We take what we long for...we take our perspective of the day...and claim it is God's way. 

It is ok to have convictions. To have opinions. To have preferences. To tailor make things to our skills and experiences and circumstances. Our longings and our dreams. 

The problem comes when, instead of accepting those things for what they are, choices in a cafeteria of fine and acceptable options, we wrap them in biblical language and proclaim them as THE biblical path forward. And we gift them to everyone else. 

The problem is that, as with all legalism, is that we are placing a law where there may indeed be none. We are placing that law on ourselves and on others. and the consequences of the law are almost always arrogance and self-righteousness if we get it right (and judgment of others who don't) or despair if we fail at the so called "biblical" standards that we or somebody else has set up. 

The other problem is that as our opinions and preferences and convictions change, as they often do as we grow and develop and experience real life, we may be hesistant to move on, to live out life a different way, because we or someone else has labeled anything outside of the prescribed path as unbiblical, dangerous, heresy. 

For those of you who identify as Christians, worry not. I am not talking about basics here. I am not throwing out Jesus. I am talking about all the things we add. All the ways we shore up our fragile egos with declaring our ways are the only biblical ways. We take complex life decisions and boil them down to a template that will get God's stamp of approval...OR ELSE. 

I think I really first noticed this, and I will say, to my shame, engaged in it, as a young parent. It wasn't enough to long to stay at home with my babies, I needed not only God's stamp of approval but God's proclamation that I was doing THE biblical thing. I decided having more kids was more holy (thus my despair when we stopped after only four when so many more "godly" women had so many more). I remember one woman saying she thought not breastfeeding was a sin, her preference and scientific evidence rising to the level of moral law. The Ezzo parenting style brought division and showed me how damaging it was to be on the failing end of the "biblical" parenting mandate, I mean what kind of an apostate are you when you not only don't believe in Growing Kids God's Way, you couldn't get with the program if you tried.
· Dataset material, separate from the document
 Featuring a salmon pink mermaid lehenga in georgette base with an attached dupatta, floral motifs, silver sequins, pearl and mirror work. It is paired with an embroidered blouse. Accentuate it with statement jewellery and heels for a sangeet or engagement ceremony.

The schooling decision brought more guilt and pain. People's convictions and preferences were coopted by a culture of fear and the result was a fracturing of community into the "us vs them" of education. I could go on. 
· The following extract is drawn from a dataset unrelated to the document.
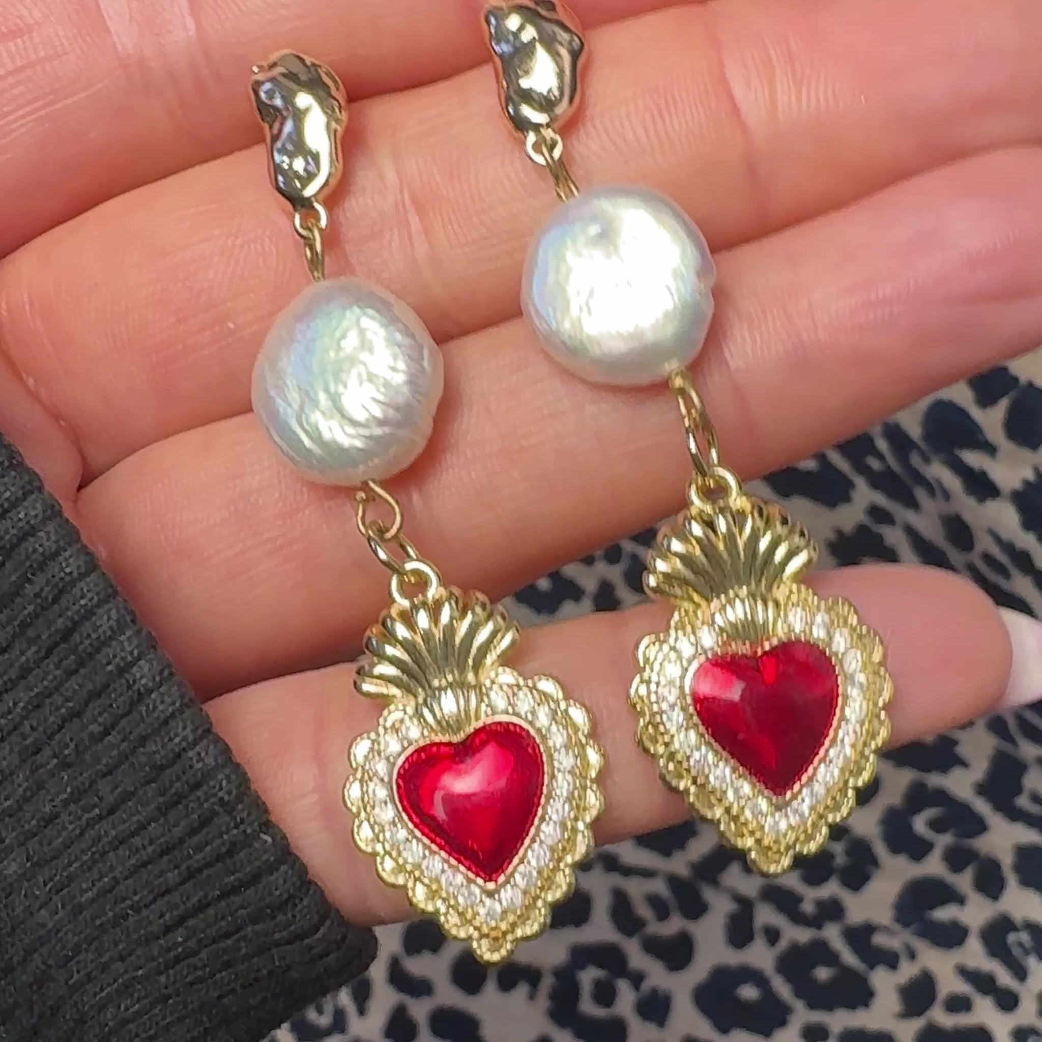 made with genuine freshwater pearls, glossy deep red enamel hearts and plated with 18k gold for a luxuriously shiny finish

A couple of weeks ago a young mother wrote a truly concerning article for Desiring God declaring, among other things, that Satan uses the internet to take down mothers. She included this zinger that, thankfully, lit a bonfire of backlash, 
Some of Satan’s best work is accomplished by women talking to women, in the floating world of disembodied souls on the Internet.

The article really deserves its own blog post response, perhaps, but I saw here what I am seeing everywhere: a young woman who has opinions and convictions and has decided that, rather than living out her convictions for herself (avoiding the community of women found on the internet and seeking out only the wisdom of older women in her church and scripture), she needs to wrap her convictions in a package of spiritual language and place that burden on other people. 

I once read an article about how letting your child quit the soccer team was violating some biblical principle and Elisabeth Elliot had a thing for tidy housekeeping and well made beds, proclaiming "A disordered life speaks loudly of disorder in the soul.”

Why can't we just have the freedom to like what we like and parent how we have been gifted to parent with our particular children who may be vastly different from our neighbor's? Why can't we vote how we have been convicted to vote and pray the way we pray without being told one is right and one is wrong? Why can't we trust that God his Kingdom is big enough for all of our convictions, opinions, personalities, gifts, and preferences? Minus the spiritual gift wrap?

Paul flipped a biscuit when circumcision was added to the gospel. We would do well to follow suit.